▸ AVAILABLE DATA:
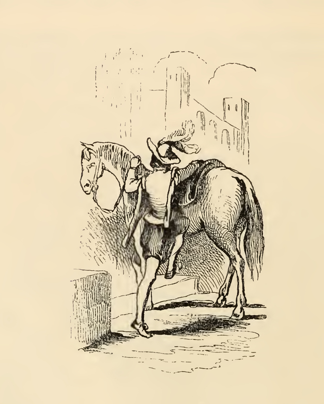 [One of the Duchess' Pages Mounts a Horse]
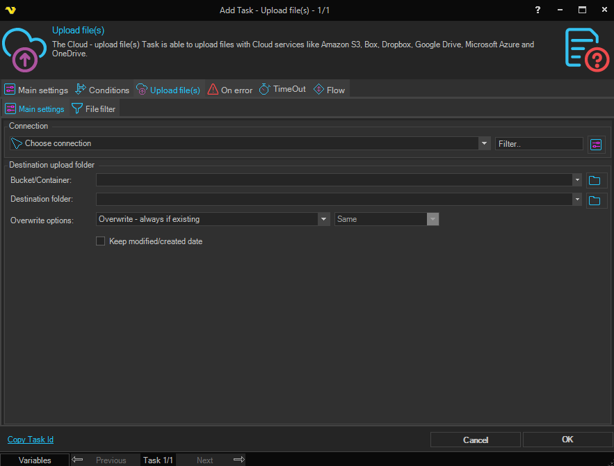 The Cloud - Upload file(s) Task let's you upload files to a cloud service like Amazon S3, Box, Dropbox, Google Drive, Microsoft Azure and OneDrive.
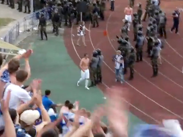 "Сотрудник ОМОНа встал между футболистами и болельщиками с вытянутыми руками. В его руках был электрошокер, но он не применялся", - сказал Шмонин.

▸ EXERCISE OBJECTIVE: Your answer must be the full listing, reproduced word for word, without its pictures.

▸ PROBLEM SOLUTION:
 [One of the Duchess' Pages Mounts a Horse]
 The Cloud - Upload file(s) Task let's you upload files to a cloud service like Amazon S3, Box, Dropbox, Google Drive, Microsoft Azure and OneDrive.
 "Сотрудник ОМОНа встал между футболистами и болельщиками с вытянутыми руками. В его руках был электрошокер, но он не применялся", - сказал Шмонин.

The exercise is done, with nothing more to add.